История первой семьи Юры ждёт своего часа, чтобы быть рассказанной, потому что я принял Ольгу, Юру и их дочку Светлану всем сердцем и душой, с трепетом романтичной юности и с братской любовью, потому что те переживания, которые я пережил вместе с Юрой, Ольгой и Светланой были моими первыми настоящими истинными переживаниями примера любви в новой только что рождённой семье. На их примере я учился и моделировал свои будущие семейные отношения, проигрывал их в своём восторженном воображении и на практике.

Когда Юра и Галя поженились и возникла вторая по очереди семья Юры, я уже воспринимал всё у них как почти опытный человек, с пониманием, сочувствием, сопереживанием, но не таким, как первый раз. Теперь я больше видел, понимал, оценивал и анализировал, нежели восторгался. На примере второй семьи Юры, Гали-Галчонка и Олежки я тоже учился, но несколько иначе, чем в первый раз, - теперь я учился жить вместе, быть вместе, вести совместное хозяйство, быть не зрителем, а участником семейных отношений.

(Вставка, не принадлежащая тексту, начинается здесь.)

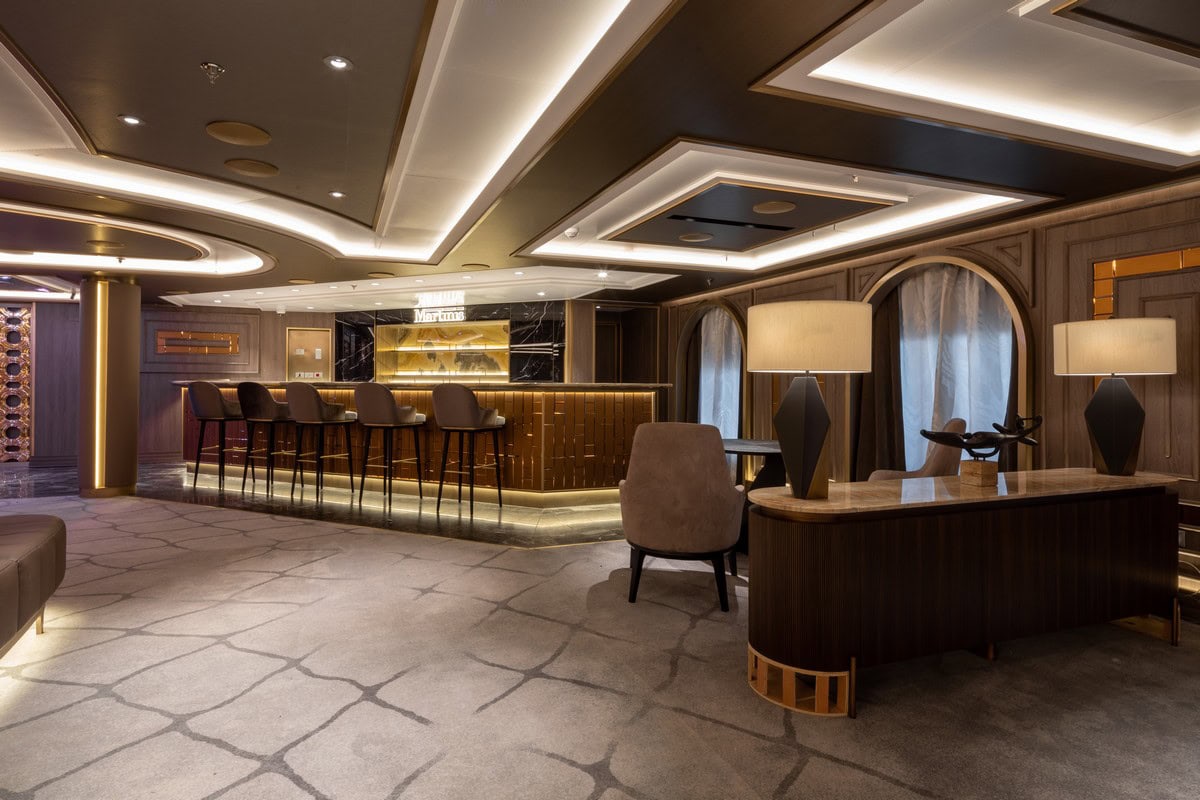 Dallo stile Art decò, il Martini Bar, situato sul ponte, appena sopra l’Atrium, richiama il glamour e l’eleganza dei ruggenti anni Venti.

В феврале 1972 года я точно также чувствовал себя в экипаже БПК "Бодрый", как некоторое время тому назад во второй семье моего брата Юры, его второй жены Гали и их сына, моего любимого племянника, Олежки, то есть участником другой жизни, иногда незаменимым помощником, но чаще всего - нежелательным элементом, сторонней помехой, знаете, как тем самым "незваным гостем" из пословицы. Вот почему во время "собачьей вахты" я читал и перечитывал письма от моих родителей и родных мне близких людей...

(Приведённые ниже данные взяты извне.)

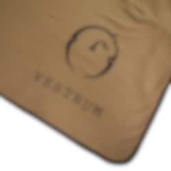 The fleece rug is chestnut brown with refined black details, including the Vestrum logo and text on the left side, giving it an exclusive and sophisticated appearance.

Ещё 10 января Галя-Галчонок подробно написала мне в письме как простудился и болел Олежка воспалением лёгких, правда, в лёгкой форме, но как врач посоветовала ей найти "лишнюю неделю", чтобы посидеть с сыном, пока он не окрепнет окончательно. В начале января 1972 года в Севастополе свирепствовал какой-то особый вирусный грипп, все больницы были забиты больными, все боялись осложнений после пневмонии и гриппа. На помощь Юре и Гале из Новороссийска приехал её младший брат Вова, который будет носить Олежку в ясельки, а Галя с 11 января хотела выйти на свою работу. Кроме этого к ним на помощь должна была приехать мама Гали, Тамара Степановна.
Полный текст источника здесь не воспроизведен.